The answer must consist solely of the lines from the one containing "С 6 по 8 мая" through the last line of the records below, repeated exactly, with all pictures omitted.

——————————

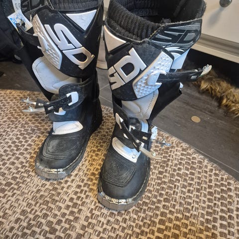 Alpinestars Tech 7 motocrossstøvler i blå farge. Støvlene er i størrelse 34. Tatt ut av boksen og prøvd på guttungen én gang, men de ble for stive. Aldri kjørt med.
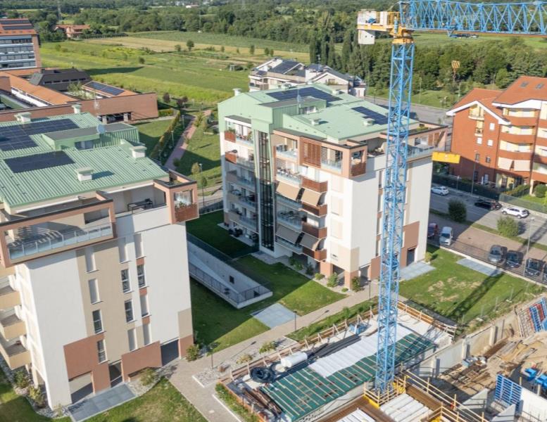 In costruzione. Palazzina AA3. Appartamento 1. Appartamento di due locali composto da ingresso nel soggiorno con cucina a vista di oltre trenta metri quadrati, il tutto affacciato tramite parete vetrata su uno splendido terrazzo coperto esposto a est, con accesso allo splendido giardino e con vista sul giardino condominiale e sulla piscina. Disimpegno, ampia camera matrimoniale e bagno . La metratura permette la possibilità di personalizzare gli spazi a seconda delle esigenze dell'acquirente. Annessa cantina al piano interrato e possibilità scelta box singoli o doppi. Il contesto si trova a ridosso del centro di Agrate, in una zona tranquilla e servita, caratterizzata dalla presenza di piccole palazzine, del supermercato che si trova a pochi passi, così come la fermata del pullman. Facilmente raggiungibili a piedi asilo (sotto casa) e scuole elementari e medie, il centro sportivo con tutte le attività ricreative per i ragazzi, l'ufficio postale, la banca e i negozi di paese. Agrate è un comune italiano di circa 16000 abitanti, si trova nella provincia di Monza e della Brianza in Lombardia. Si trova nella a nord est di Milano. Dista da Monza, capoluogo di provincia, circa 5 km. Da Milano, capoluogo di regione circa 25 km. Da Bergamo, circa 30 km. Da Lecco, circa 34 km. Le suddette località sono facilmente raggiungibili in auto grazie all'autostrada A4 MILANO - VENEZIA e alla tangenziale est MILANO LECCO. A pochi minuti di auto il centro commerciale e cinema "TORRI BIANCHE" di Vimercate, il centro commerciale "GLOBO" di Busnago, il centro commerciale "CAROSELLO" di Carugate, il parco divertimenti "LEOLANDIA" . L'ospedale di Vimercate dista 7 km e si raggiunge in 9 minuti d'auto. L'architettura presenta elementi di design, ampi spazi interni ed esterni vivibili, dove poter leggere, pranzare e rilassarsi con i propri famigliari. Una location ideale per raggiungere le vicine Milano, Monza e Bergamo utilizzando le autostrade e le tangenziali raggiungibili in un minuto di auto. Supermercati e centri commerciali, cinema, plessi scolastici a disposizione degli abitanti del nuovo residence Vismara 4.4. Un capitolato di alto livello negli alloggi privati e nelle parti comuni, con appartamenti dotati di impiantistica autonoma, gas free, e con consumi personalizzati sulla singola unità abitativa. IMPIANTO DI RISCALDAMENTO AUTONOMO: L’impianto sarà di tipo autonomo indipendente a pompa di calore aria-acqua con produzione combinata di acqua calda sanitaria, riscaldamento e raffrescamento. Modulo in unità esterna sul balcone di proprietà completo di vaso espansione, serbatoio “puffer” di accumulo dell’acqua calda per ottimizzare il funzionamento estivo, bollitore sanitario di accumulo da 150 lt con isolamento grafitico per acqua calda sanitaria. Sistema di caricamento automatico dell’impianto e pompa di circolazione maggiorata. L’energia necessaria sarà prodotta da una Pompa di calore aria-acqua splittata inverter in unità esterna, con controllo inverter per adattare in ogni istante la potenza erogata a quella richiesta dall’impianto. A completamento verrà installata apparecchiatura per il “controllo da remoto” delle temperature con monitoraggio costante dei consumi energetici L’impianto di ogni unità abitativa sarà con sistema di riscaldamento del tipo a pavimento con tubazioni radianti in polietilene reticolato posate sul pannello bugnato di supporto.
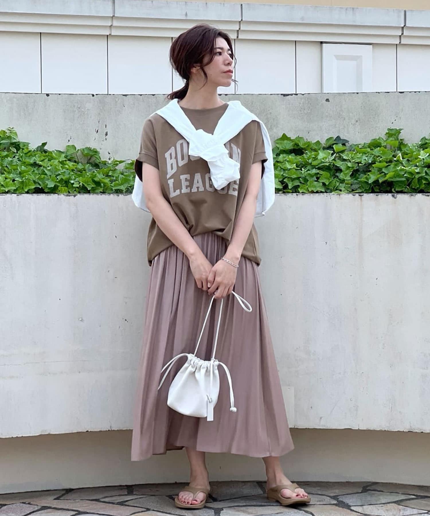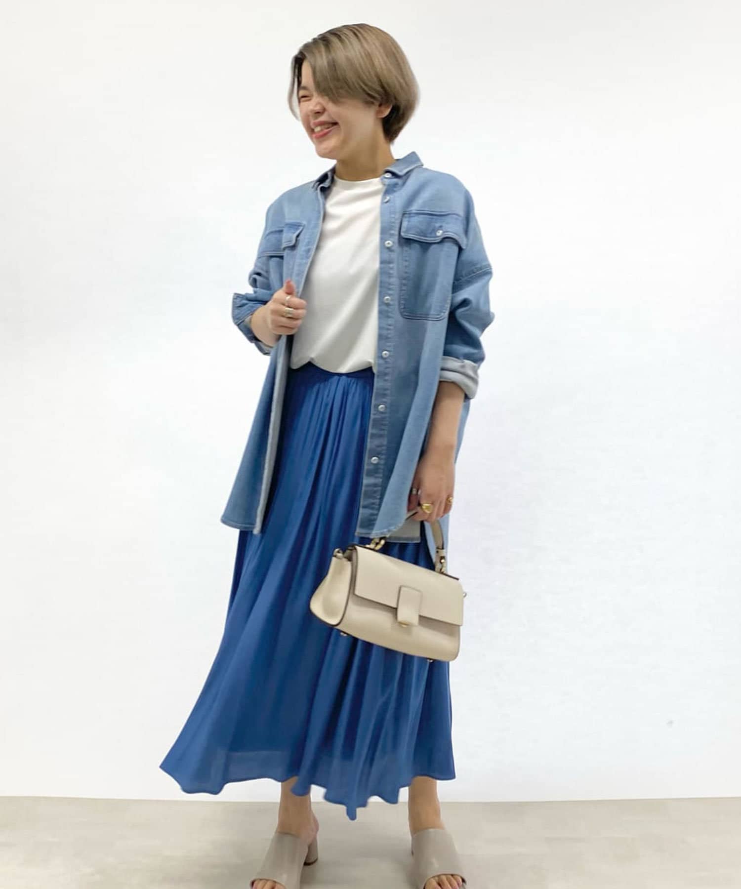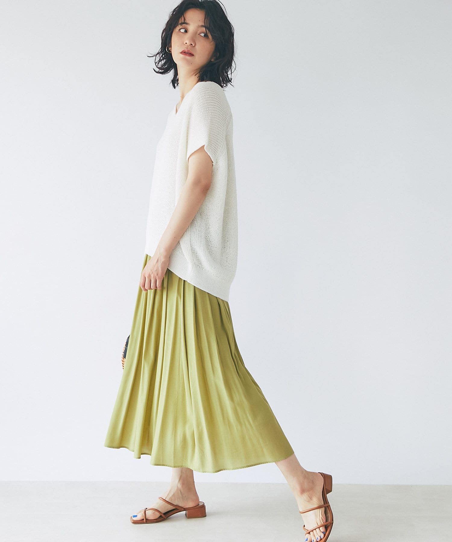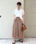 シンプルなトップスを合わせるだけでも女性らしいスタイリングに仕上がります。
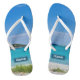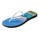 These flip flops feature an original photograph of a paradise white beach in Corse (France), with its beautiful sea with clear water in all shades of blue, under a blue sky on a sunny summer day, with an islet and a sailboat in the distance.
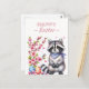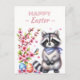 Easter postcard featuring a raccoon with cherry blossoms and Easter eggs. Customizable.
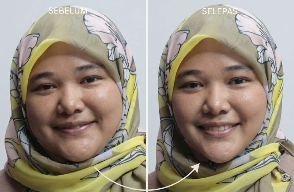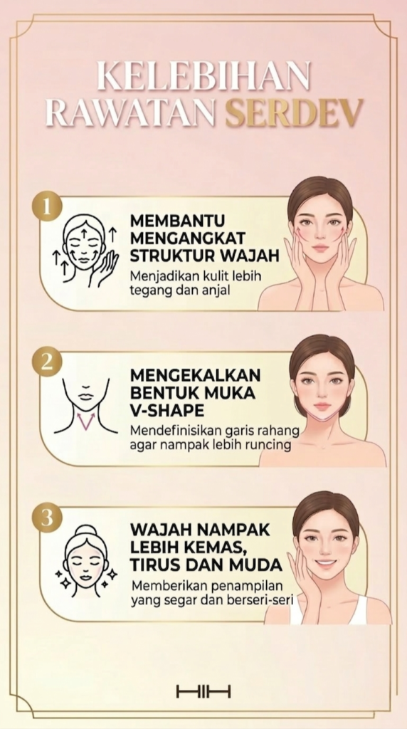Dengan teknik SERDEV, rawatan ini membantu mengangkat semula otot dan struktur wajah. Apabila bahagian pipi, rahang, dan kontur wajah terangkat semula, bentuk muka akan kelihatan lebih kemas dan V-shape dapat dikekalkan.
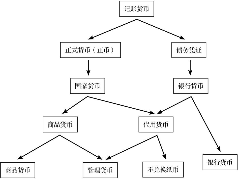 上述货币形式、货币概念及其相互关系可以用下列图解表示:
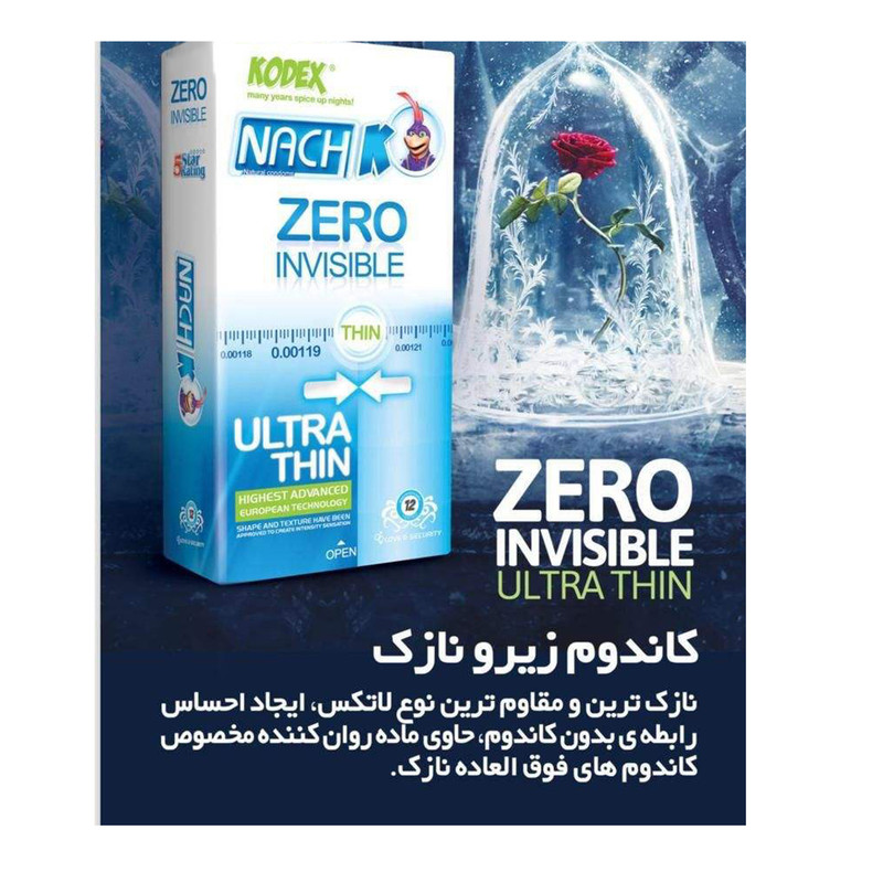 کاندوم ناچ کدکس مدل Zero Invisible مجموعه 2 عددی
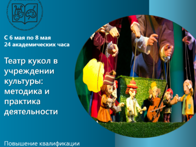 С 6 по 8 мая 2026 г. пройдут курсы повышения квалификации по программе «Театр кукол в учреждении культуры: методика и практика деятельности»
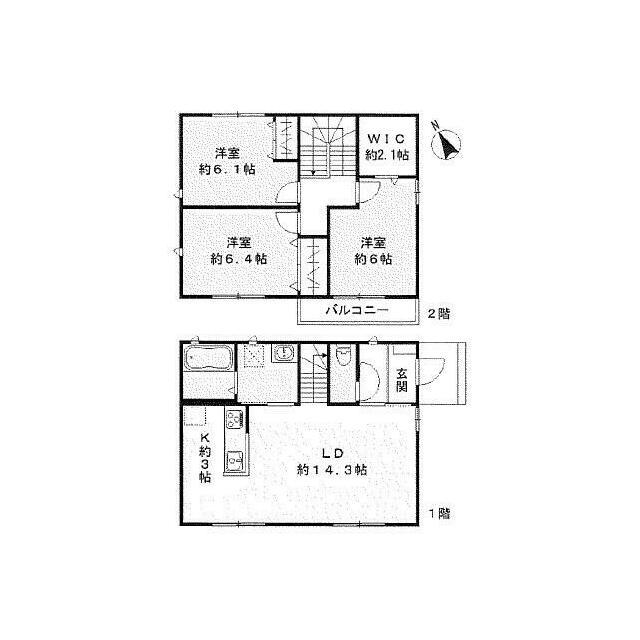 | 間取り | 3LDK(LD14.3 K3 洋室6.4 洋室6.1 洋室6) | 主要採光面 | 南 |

——————————

§ **TASK SOLUTION**
 С 6 по 8 мая 2026 г. пройдут курсы повышения квалификации по программе «Театр кукол в учреждении культуры: методика и практика деятельности»
 | 間取り | 3LDK(LD14.3 K3 洋室6.4 洋室6.1 洋室6) | 主要採光面 | 南 |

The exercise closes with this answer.